=== Supplied material ===

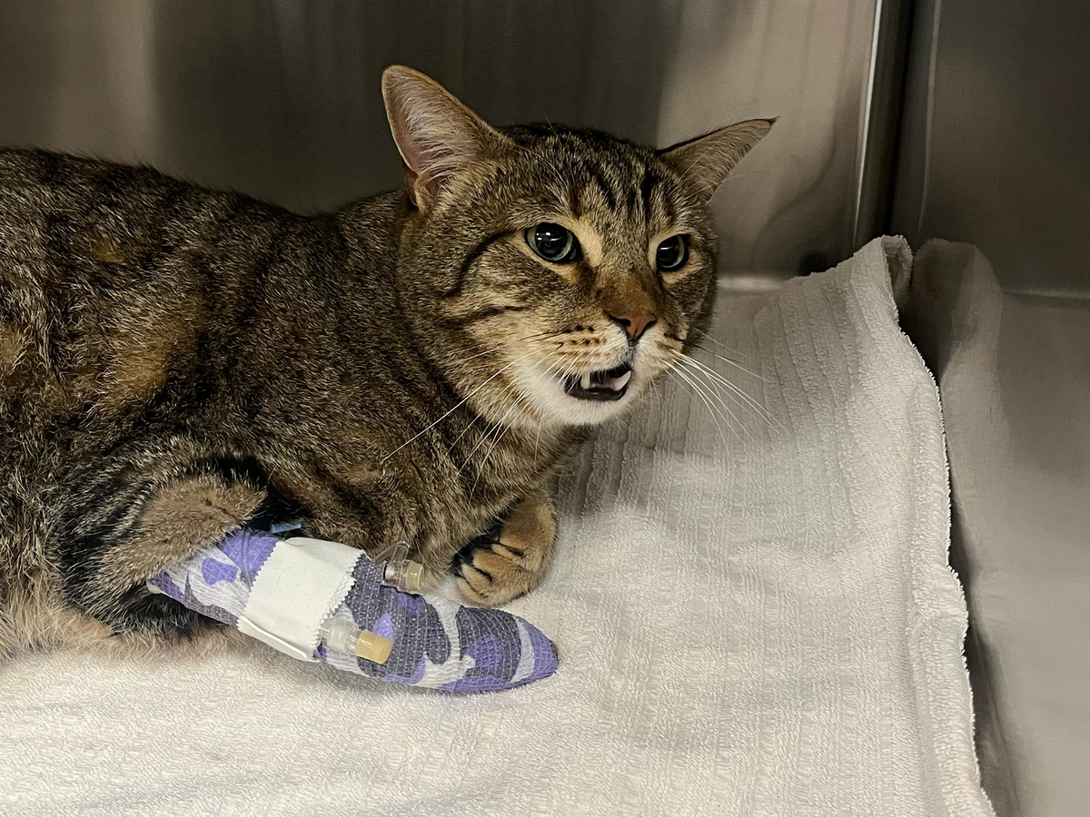 Cashew was rushed to the emergency vet and is in critical condition. He’s suffering from a painful blockage that’s life-threatening, if things don’t improve by tomorrow, he may need invasive surgery to survive.
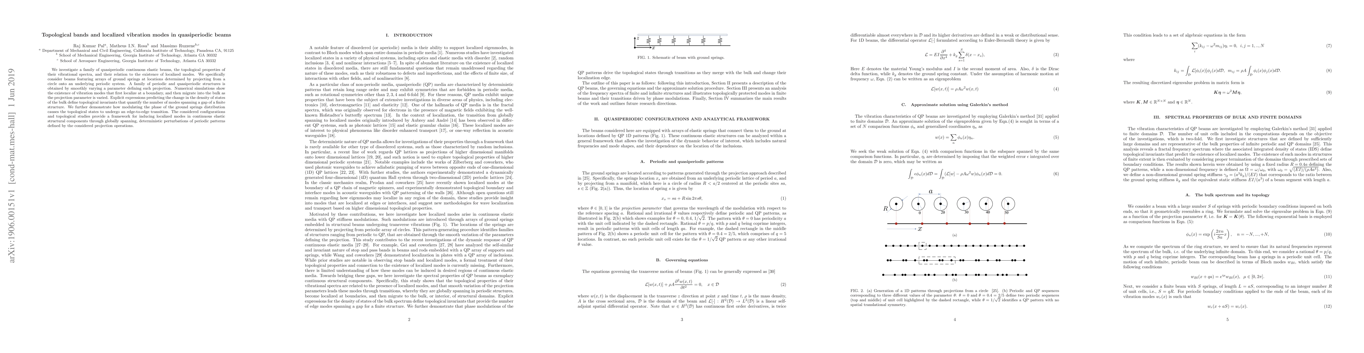 We investigate a family of quasiperiodic continuous elastic beams, the topological properties of their vibrational spectra, and their relation to the existence of localized modes. We specifically consider beams featuring arrays of ground springs at locations determined by projecting from a circle onto an underlying periodic system. A family of periodic and quasiperiodic structures is obtained by smoothly varying a parameter defining such projection. Numerical simulations show the existence of vibration modes that first localize at a boundary, and then migrate into the bulk as the projection parameter is varied. Explicit expressions predicting the change in the density of states of the bulk define topological invariants that quantify the number of modes spanning a gap of a finite structure. We further demonstrate how modulating the phase of the ground springs distribution causes the topological states to undergo an edge-to-edge transition. The considered configurations and topological studies provide a framework for inducing localized modes in continuous elastic structural components through globally spanning, deterministic perturbations of periodic patterns defined by the considered projection operations.
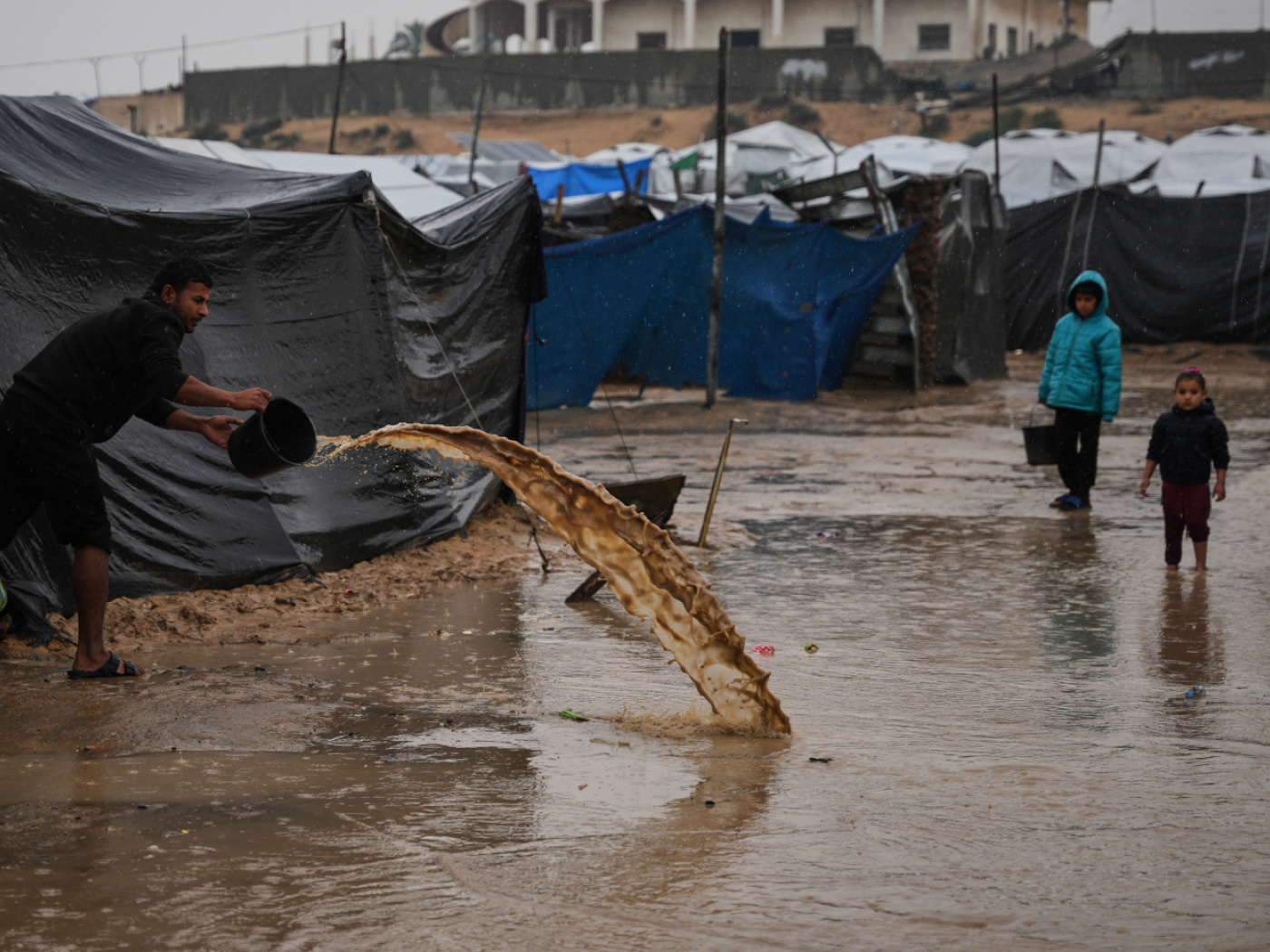 Nel campo di Nuseirat, al centro della Striscia, i palestinesi tentano di liberare l’acqua stagnante con ciotole e secchi, raccontano testimoni all’Afp. I bambini camminano scalzi nel fango. “Il materasso è fradicio da stamattina, i piccoli hanno dormito bagnati”, dice Umm Muhammad Joudah. “Non abbiamo vestiti asciutti”. Saif Ayman, 17 anni, in stampelle, racconta che anche la sua tenda è stata sommersa: “Siamo in sei a dormire su un unico materasso, senza coperte”.

===

Directions for this task →
Please set the data above down exactly, with the pictures removed.

Answer space →
 Cashew was rushed to the emergency vet and is in critical condition. He’s suffering from a painful blockage that’s life-threatening, if things don’t improve by tomorrow, he may need invasive surgery to survive.
 We investigate a family of quasiperiodic continuous elastic beams, the topological properties of their vibrational spectra, and their relation to the existence of localized modes. We specifically consider beams featuring arrays of ground springs at locations determined by projecting from a circle onto an underlying periodic system. A family of periodic and quasiperiodic structures is obtained by smoothly varying a parameter defining such projection. Numerical simulations show the existence of vibration modes that first localize at a boundary, and then migrate into the bulk as the projection parameter is varied. Explicit expressions predicting the change in the density of states of the bulk define topological invariants that quantify the number of modes spanning a gap of a finite structure. We further demonstrate how modulating the phase of the ground springs distribution causes the topological states to undergo an edge-to-edge transition. The considered configurations and topological studies provide a framework for inducing localized modes in continuous elastic structural components through globally spanning, deterministic perturbations of periodic patterns defined by the considered projection operations.
 Nel campo di Nuseirat, al centro della Striscia, i palestinesi tentano di liberare l’acqua stagnante con ciotole e secchi, raccontano testimoni all’Afp. I bambini camminano scalzi nel fango. “Il materasso è fradicio da stamattina, i piccoli hanno dormito bagnati”, dice Umm Muhammad Joudah. “Non abbiamo vestiti asciutti”. Saif Ayman, 17 anni, in stampelle, racconta che anche la sua tenda è stata sommersa: “Siamo in sei a dormire su un unico materasso, senza coperte”.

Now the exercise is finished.